Vachmi



A prime number is a natural number greater than 1 that is not a product of two smaller natural numbers. A natural number greater than 1 that is not prime is called a composite number. 7 is prime because the only ways of writing it as a product, 1 × 7 or 7 × 1, involve 7 itself. e.g. 2, 3, 5, 7, 11, 13, 17, 19, 23 are some of the first prime numbers.


Zero is neither prime nor composite. Since any number times zero equals zero, there are an infinite number of factors for a product of zero. A composite number must have a finite number of factors.
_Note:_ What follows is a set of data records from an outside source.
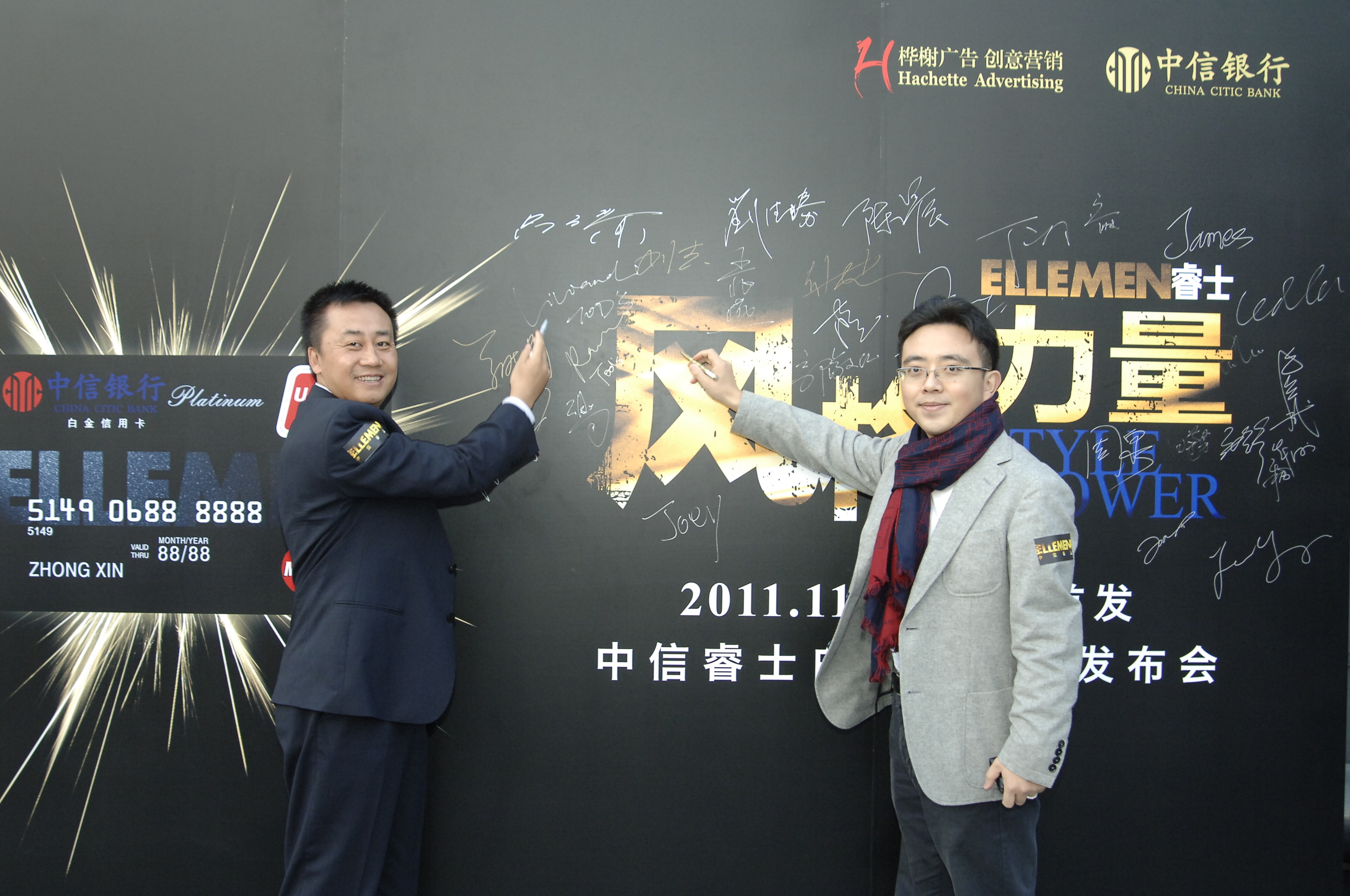 作為“創意營銷”的倡導者,樺榭中國為這張“爺們兒”的信用卡召集了群英薈萃的中信睿士顧問團,涵蓋了豪車、賞表、品酒、投資、攝影、健身、旅游、時裝等當下品位男士熱衷的各個領域。中信睿士信用卡將以男士的興趣愛好為持卡權益切入點,以各行業泰斗翹楚為顧問網絡,力求為信用卡持有人建立符合自己消費喜好和生活志趣的交際圈。發布會現場隆重推出首批7位顧問團代表暨中信睿士白金信用卡持卡人:豐實資本控股有限公司董事長盧長祺、《Car and Driver 名車志》創意總監兼首席攝影師劉杰、鐘表收藏界泰斗及德國Chronos雜志中文版《Chronos手表》發行人兼主編丁之向、ASC Fine Wines大中華區葡萄酒教育和培訓經理,葡萄酒講師,專欄作者郝利文、《ELLE MEN睿士》編輯總監李寶劍、中國超跑車隊理事長,第一支參加國際頂級GT比賽中國車隊負責人嚴路、全國十佳健身先生,國際健身大會培訓師朱曉輝等7位風范一代意見領袖。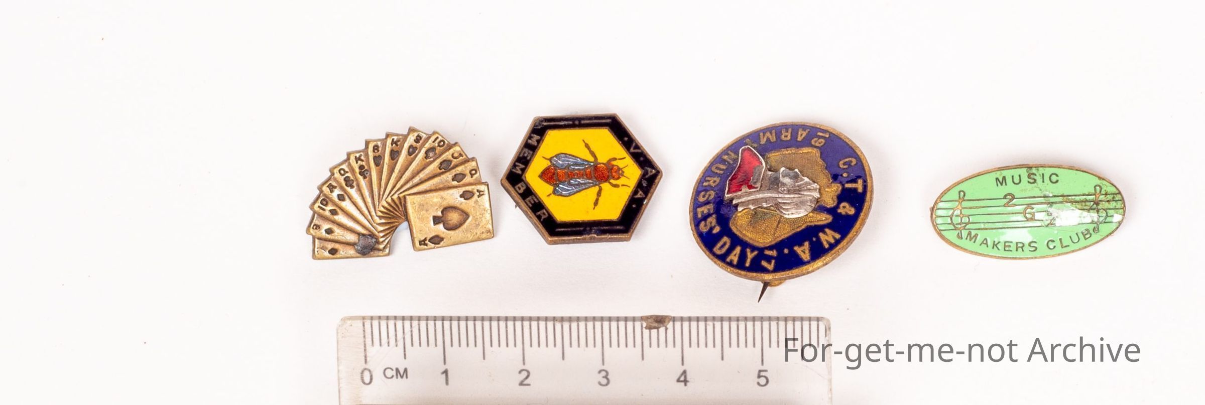 First one, Music makers Club, . 2nd one, V.A.A. member with a fly on the front of it or a bug of some sort. 3rd one, Army Nurses Day, C T and W A 1917. 4th 1, it's basically just, a pack of cards spread out, no name.Collection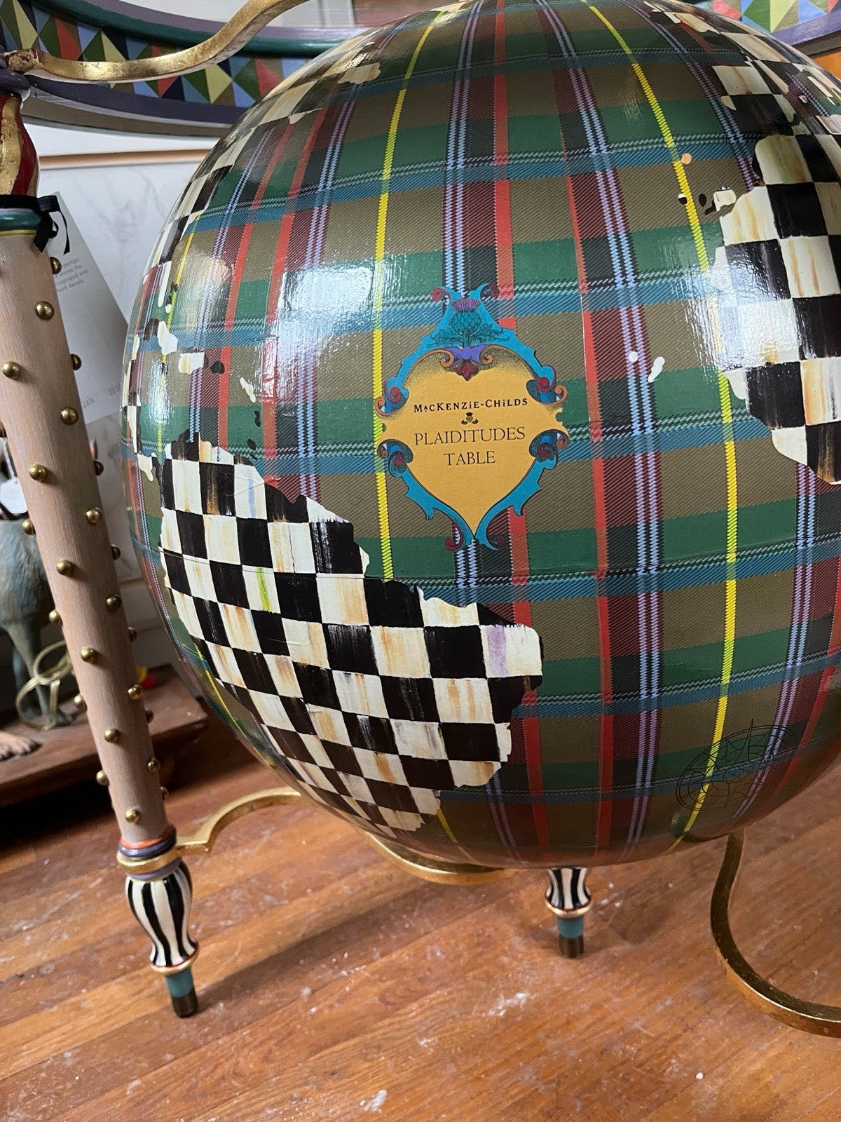 Gmelina solids and maple veneer. Hand decorated in Courtly Stripes, gold leaf and brass dots. Rotating polyresin globe decoupaged with tartan and Courtly Check decals. Pieces may vary due to the handmade nature of each product. Imported frame. Hand-painted in Aurora NY.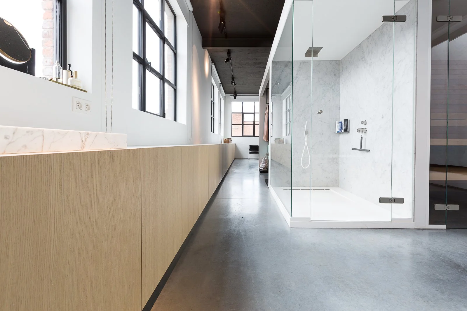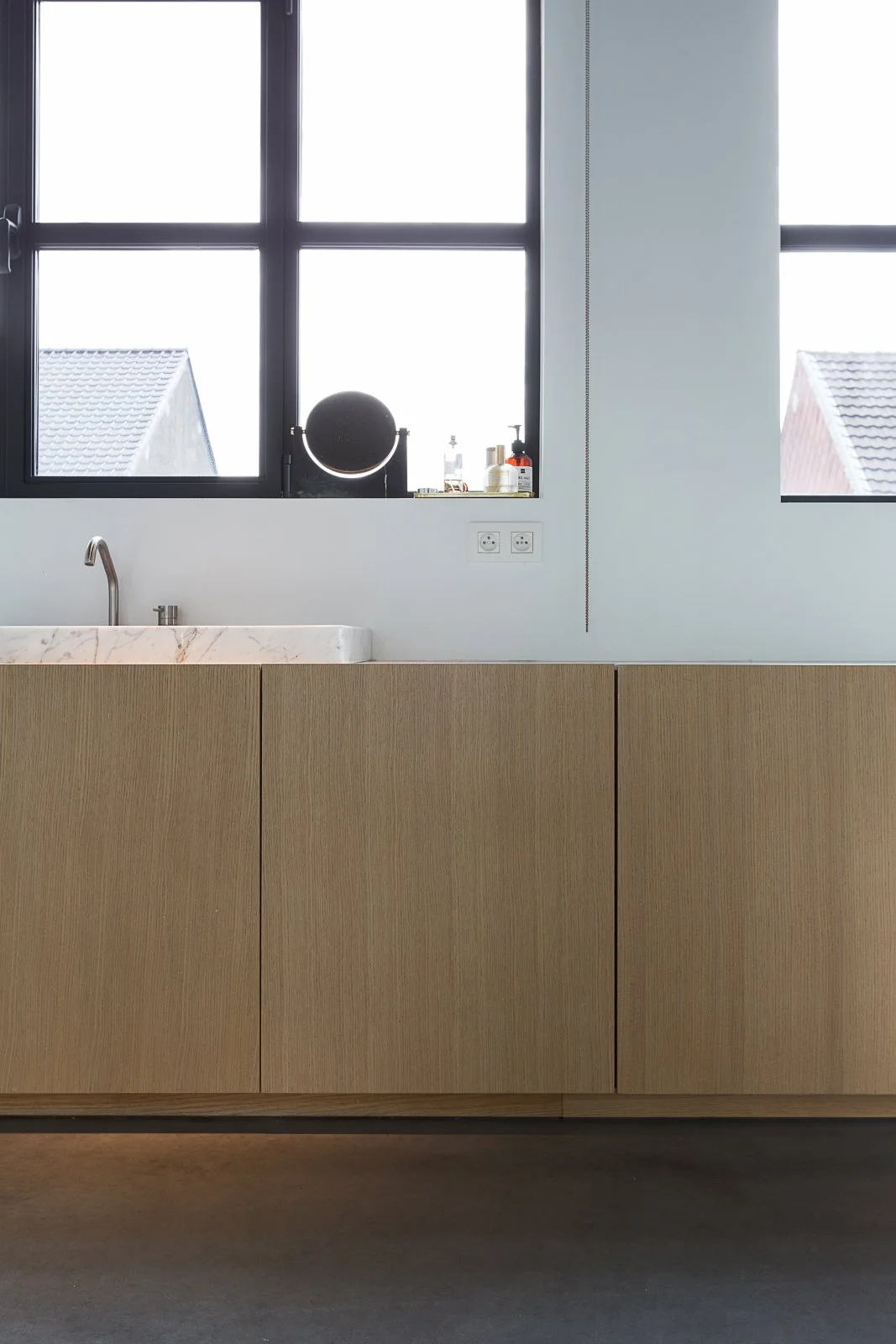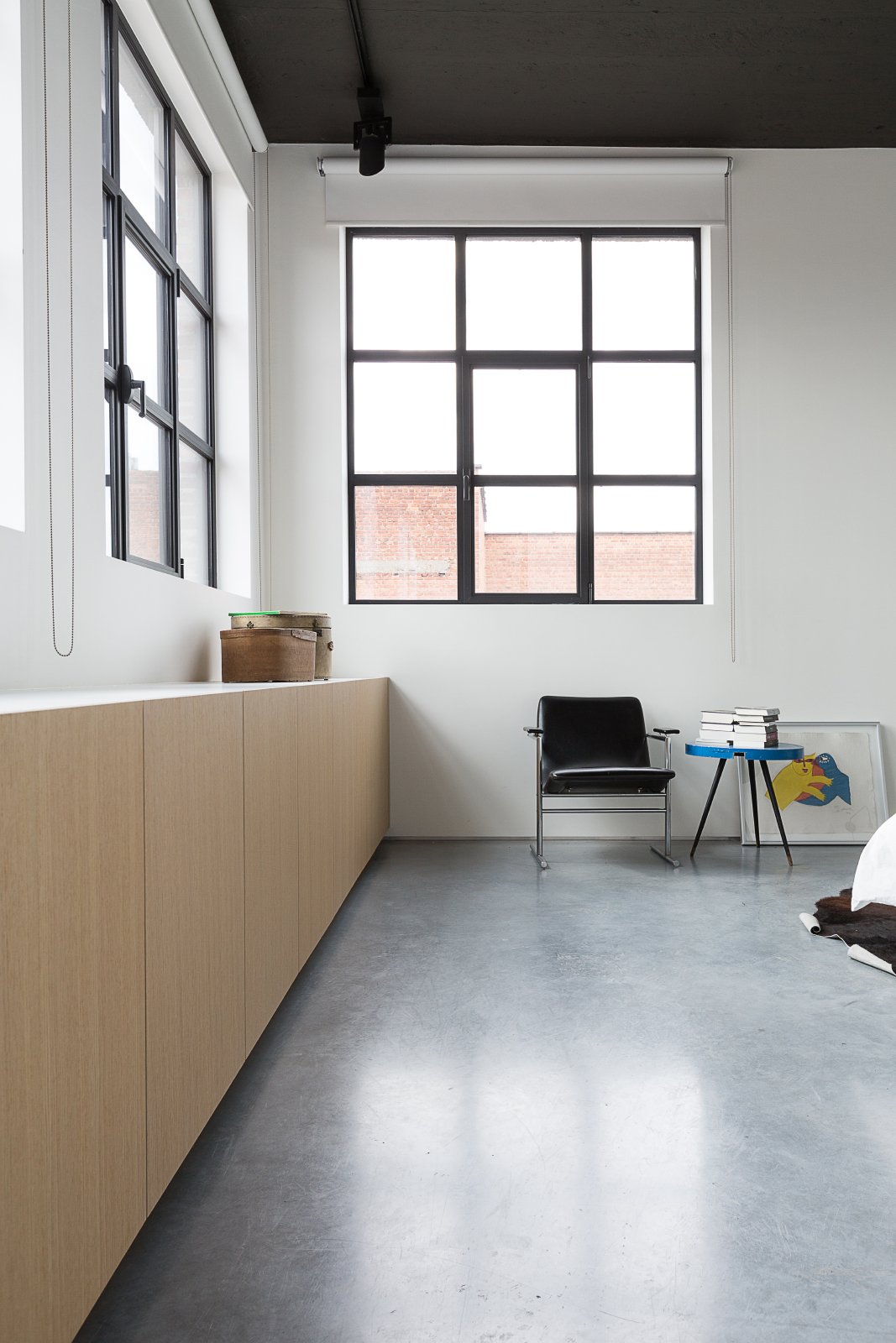 De kastfronten van warm eiken hout contrasteren met de betonnen vloer en authentieke fabrieksramen.

One is also neither prime nor composite.


A twin prime is a prime number that is either 2 less or 2 more than another prime number. For example, either member of the twin prime pair (17, 19) or (41, 43).
In other words, a twin prime is a prime that has a prime gap of two.

The first several twin prime pairs are
(3, 5), (5, 7), (11, 13), (17, 19), (29, 31), (41, 43), (59, 61), (71, 73), (101, 103), (107, 109), (137, 139), ...

Usually the pair (2, 3) is not considered to be a pair of twin primes.


2 is the smallest prime number.


The largest prime number discovered so far is 2 raised to the 57,885,161st power minus 1, or $2^{57,885,161}$ - 1. It is 17,425,170 digits long.